Наталья Белюшина. ВАНИЛЬ
Если кто-то смотрел последний фильм Михалкова "Солнечный удар" и ему понравилось, то следующую ссылку безопасней пропустить:
Объясняю, как это всё случилось
Фильм Михалкова «Солнечный удар» я решила не смотреть, поскольку меня вполне удовлетворил трейлер. Там всё наглядно: фигня летит по небу, скрипки плачут; «Вот этими руками! — поручик трясёт руками. — Какую страну загубили!» Вопросов больше нет. Руки — вырвать, поручика — высечь, летающую по небу фигню — изловить. Но отзывы на фильм из любви к печатному и непечатному слову я читаю с интересом.
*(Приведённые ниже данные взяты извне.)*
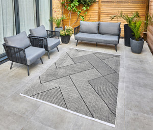 Introducing the Concept Looms Jazz Grey Black Jaz16 rug, perfect for both indoor and outdoor spaces. Made from durable polypropylene, this rug is anti-allergic and anti-static, making it ideal for high-traffic areas like the living room, dining room, or kitchen. The modern geometric design in shades of grey and black adds a stylish touch to any room. Available in 160 x 220 cm and 190 x 290 cm sizes, this versatile rug is a must-have for any home. Made in Turkey, this woven carpet is perfect for adding a touch of sophistication to your space.

То есть печатные слова я читаю, а непечатные по ходу чтения вырываются из моей благородной гортани, как крики восторга из пинками разбуженных чаек (я выражаюсь так затейливо вследствие знакомства с упомянутыми отзывами). Теперь гадаю, то ли святое искусство Михалкова действует на людей, как сотрясение мозга, то ли сотрясение мозга — процесс, так сказать, перманентный, да ещё и провоцирующий сочинение отзывов на святое искусство Михалкова; связь тут неясна, но несомненна. Хотя, конечно, чья бы корова мычала: мой-то мозг сам изрядно сотрясся в попытках понять, почему люди пишут так и такое. Курсив везде мой, имейте в виду.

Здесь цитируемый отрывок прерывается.